Short fiction: Telling Stories, 1978.
Screenplay: Deliverance, 1972 (adaptation of his novel).
Teleplay: The Call of the Wild, 1976 (adaptation of Jack London’s novel).
Poetry: Into the Stone, and Other Poems, 1960; Drowning with Others, 1962; Helmets, 1964; Two Poems of the Air, 1964; Buckdancer’s Choice, 1965; Poems, 1957-1967, 1967; The Eye-Beaters, Blood, Victory, Madness, Buckhead, and Mercy, 1970; The Zodiac, 1976; The Strength of Fields, 1977; Head-Deep in Strange Sounds: Free-Flight Improvisations from the UnEnglish, 1979; Falling, May Day Sermon, and Other Poems, 1981; The Early Motion, 1981; Puella, 1982; The Central Motion: Poems, 1968-1979, 1983; The Eagle’s Mile, 1990; The Whole Motion: Collected Poems, 1945-1992, 1992.

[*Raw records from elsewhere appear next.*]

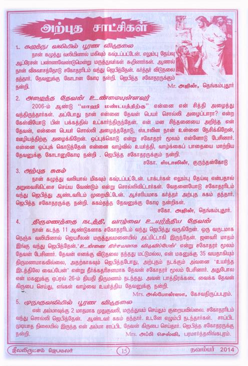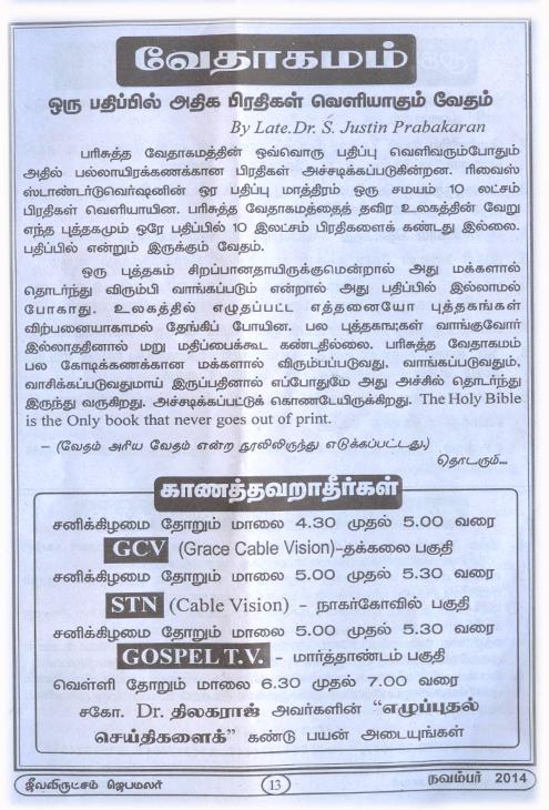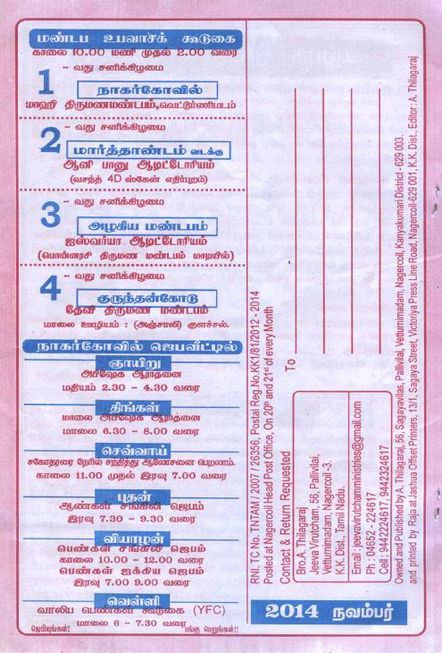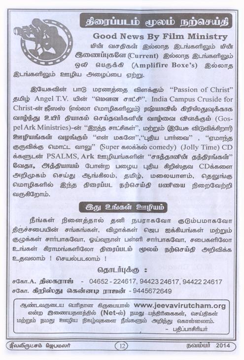 Jeeva Virutcham Ministries - November 2014 Magazine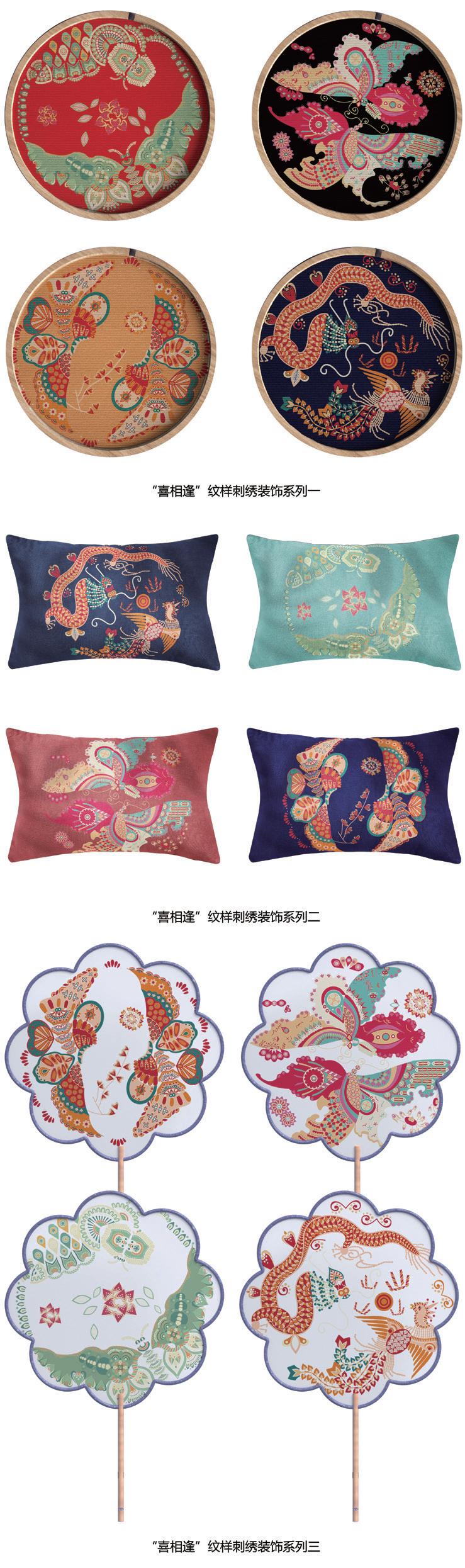 “喜相逢”纹样是中国传统视觉符号中一个重要的点,它沿着历史的线,将人们对“喜庆”之事的渴望和追求延续到现代。以明清时期“喜相逢”纹样为基础研究形态,从中提炼出具有代表性的图形文化元素,依据现代图形表现的法则和规律进行重新组合,进行现代设计研究,并用传统技艺刺绣将其展现出来。不仅实现传统文化的传承,还能促进现代设计行业的可持续发展。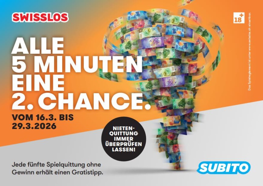 Vom 16.03 bis maximal 29.03.2026 gewinnt jede fünfte eingelöste Nieten-Spielquittung sofort einen Gratistipp im Wert von 4 Franken.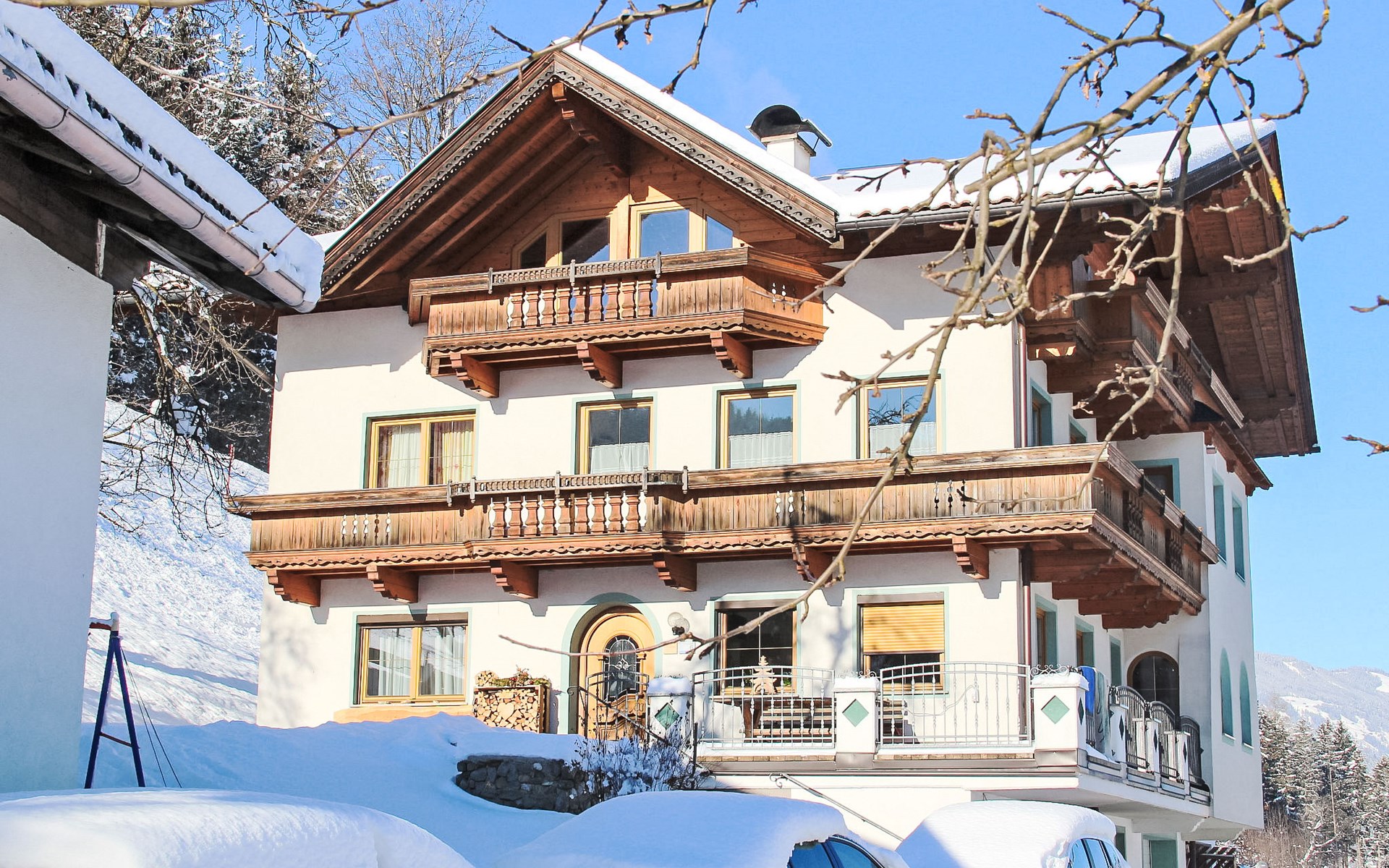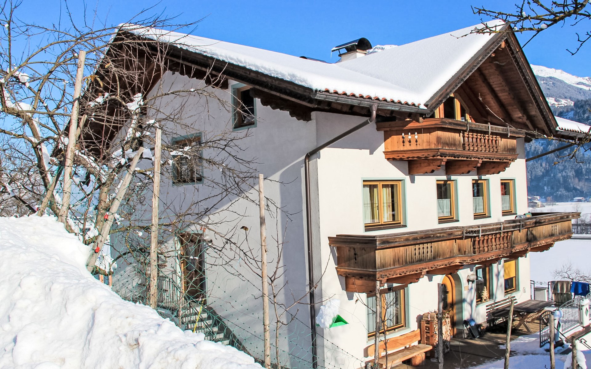 Kaltenbach: Kinderfreundliches, schönes Dreifamilienhaus "Herbert". Am Ortsrand, 1.2 km vom Zentrum von Kaltenbach, ruhige, sonnige, erhöhte Lage, 4 km vom See, 1 km vom Skigebiet. Zur Mitbenutzung: Garten, Liegewiese. Im Hause: Wireless LAN, Einstellraum für Fahrräder, Skiraum, Zentralheizung, Skischuhtrockner. Zufahrt bis zum Haus. Parkplatz beim Haus. Supermarkt 1 km, Restaurant 1 km, Bushaltestelle "Kaltenbach-Stumm" 2 km, Bahnstation " Angererbach-Ahrnbach" 850 m, Freibad 3 km, Hallenbad 1.4 km, Thermalbad "Erlebnistherme Fügen" 8 km, Badesee 4 km. Radweg 400 m, Gondelbahn 1 km, Skisportanlagen 1 km, Skibushaltestelle 200 m, Eisfeld 1 km. Nahe gelegene Sehenswürdigkeiten: Freizeitpark Aufenfeld 4 km. Bekannte Skigebiete sind gut erreichbar: Hochzillertal-Hochfügen 1 km, Zillertal Arena Zell 6 km. Bitte beachten: Fahrzeug empfohlen. Geeignet für Familien. Ab Hof Verkauf von bäuerlichen Produkten. Bei Schneefall sind auf einer kurzen Strecke von etwa 100 m Schneeketten notwendig.

Nonfiction: The Suspect in Poetry, 1964; A Private Brinkmanship, 1965 (address); Spinning the Crystal Ball, 1967; From Babel to Byzantium, 1968; Metaphor as Pure Adventure, 1968; Self-Interviews, 1970; Sorties, 1971; In Pursuit of the Grey Soul, 1978; The Enemy from Eden, 1978; The Starry Place Between the Antlers: Why I Live in South Carolina, 1981; The Poet Turns on Himself, 1982; The Voiced Connections of James Dickey, 1989; Striking In the Early Notebooks of James Dickey, 1996 (Gordon Van Ness, editor); Crux: The Letters of James Dickey, 1999; The One Voice of James Dickey: His Letters and Life, 1942-1969, 2003 (Gordon Van Ness, editor); Classes on Modern Poets and the Art of Poetry, 2004 (Donald Greiner, editor); The One Voice of James Dickey: His Letters and Life, 1970-1997, 2005 (Gordon Van Ness, editor).
Children’s literature: Tucky the Hunter, 1978.
Miscellaneous: Night Hurdling: Poems, Essays, Conversations, Commencements, and Afterwords, 1983; The James Dickey Reader, 1999.